Теперь я понимаю, что мое младенческое предательство стало, видимо, последней каплей: вся горечь ее одинокой жизни (она-то всех любила, всем помогала, но что видела взамен?), все потери, скопившаяся в бездонных глубинах ее терпения усталость, –  все это в тот миг сошлось воедино и вонзилось ей в сердце. Уж если и я, ее единственная внучка, с такой легкостью ее предала…

Удивительное дело: человек долго-долго терпит, смиряется, но вот вдруг кто-то близкий или тот, от кого ты вовсе не ждал жестокости, подбрасывает и свой прутик в огонь, и  что-то у терпящего обрывается: «На мя шептаху вси врази мои, на мя помышляху злая мне. Слово законопреступное возложиша на мя: еда спяй не приложит воскреснути? Ибо человек мира моего, на негоже уповах, ядый хлебы моя, возвеличи на мя запинание» (Псалом 40:8-10).

Конечно, мы потом совершенно с бабушкой примирились, и она меня совершенно простила. Но эпизод этот все-таки имел продолжение. Когда приехали проведать нас наши родители (моя мама и Маринина моложавая бабушка), разборка все-таки состоялась. И я сказала что-то вроде того, что причина моего безобразного поведения – в сестренке. Та же сию трактовку категорически отвергла. Тогда ее бабушка уверенно и категорично заявила, что Марина «вообще никогда не врет». И на этом «разбор полетов» прекратился. Может, и зря тогда взрослые среди двух четырехлеток стали искать зачинщика. На самом деле, ни Маринка, ни я не знали толком, кто из нас начал… Согрешили обе.

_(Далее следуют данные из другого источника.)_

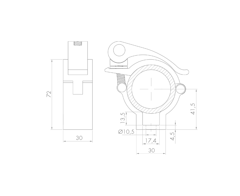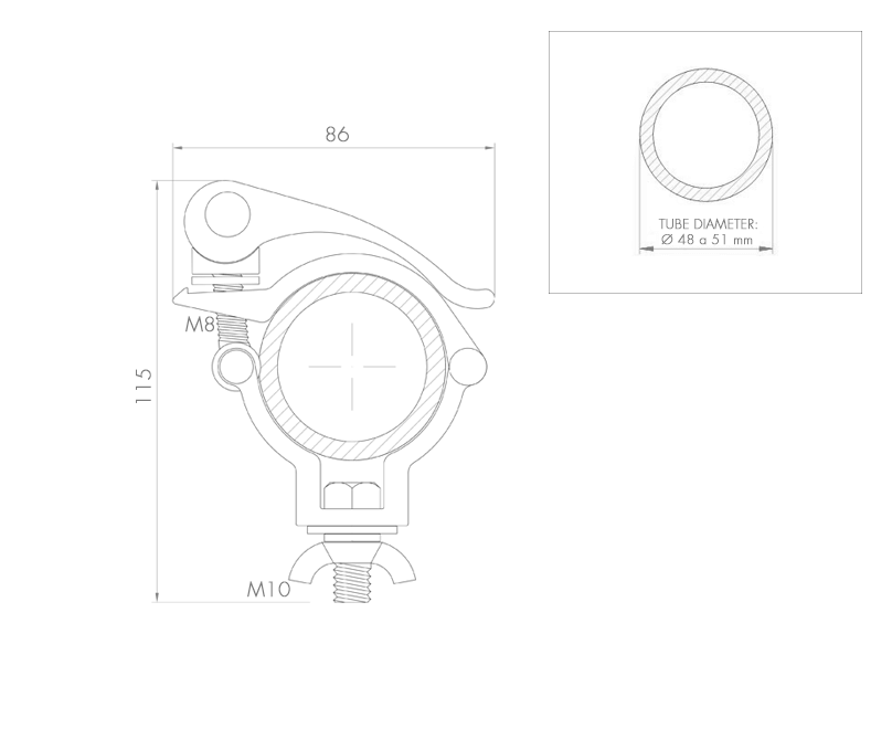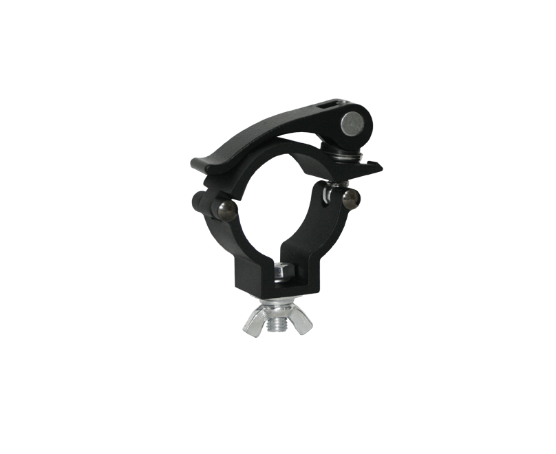 Light-weight aluminium clamp coupler for loads up to 100 kg. It comes with pressure lever and bolt and wing nut to secure, spotlights, electronic devices, etc. Designed to be used on trusses / tubes with an external diameter from 48 mm to 51 mm.
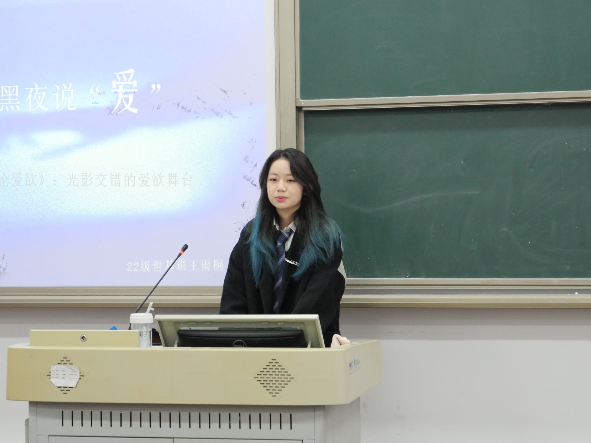 (通讯员 王雨桐 雷斯涵 李宇杰)11月23日晚,yl23455永利官网“哲学和世界”主题读书分享会第六期活动于文学院413教室顺利开展。此次活动由2022级哲学基地班王雨桐主讲“在正午时刻的黑夜说‘爱’——《论爱欲》:光影交错的爱欲舞台”。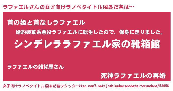 | ヒーロー風カッコイイあだ名 | 『正義の使者ラファエル』『黄金騎士ラフ』 |
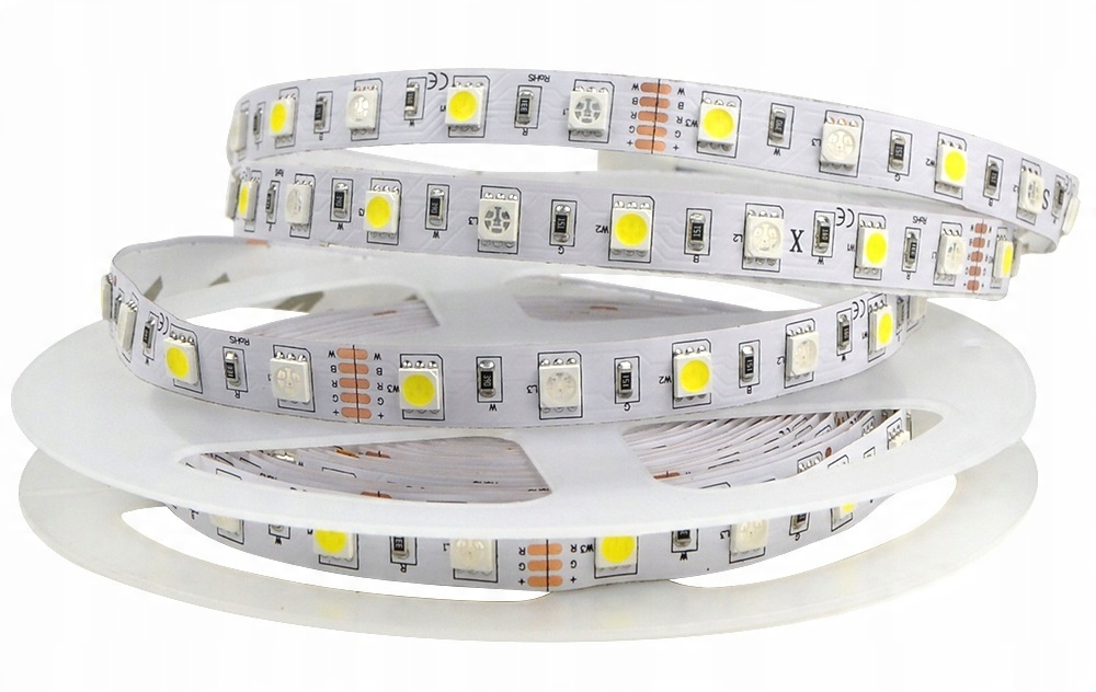 Светодиодная лента RGB + WW/CW представляет собой улучшенную стандартную многоцветную RGB-ленту, которую можно использовать для получения чистого теплого и холодного белого цвета. На обычной RGB-ленте вообще невозможно получить теплый цвет, а холодный цвет получается путем смешивания красного, зеленого и синего цветов, а значит, холодный цвет нечеткий и превращается в сине-фиолетовый. Лента RGBW состоит из 150 светодиодов RGB и 150 светодиодов белого (теплого или холодного) цвета. Диоды устанавливаются поочередно.

Но мне на сердце тогда на всю жизнь легли два пятна. Во-первых, трусости: я еще не понимала тогда, что надо брать вину на себя и выгораживать другого. А я как чувствовала, что вела себя худо из-за подавлявшей меня морально Маринки (в чем она, разумеется, вовсе не была повинна, причина была в моем самолюбии, в чувстве своей ущемленности, но я тогда еще ни одного из этих слов не знала…), так и сказала. А во-вторых,  осталось вполне осознанное мною умозаключение, что, если Марина всегда говорит правду (а я старшим и не только старшим, а наверное, вообще всем - верила), то я-то – есть отвратительная маленькая врушка, и, значит, всегда лгу. Странно, но тогда все это было мной принято априори - как неоспоримый факт.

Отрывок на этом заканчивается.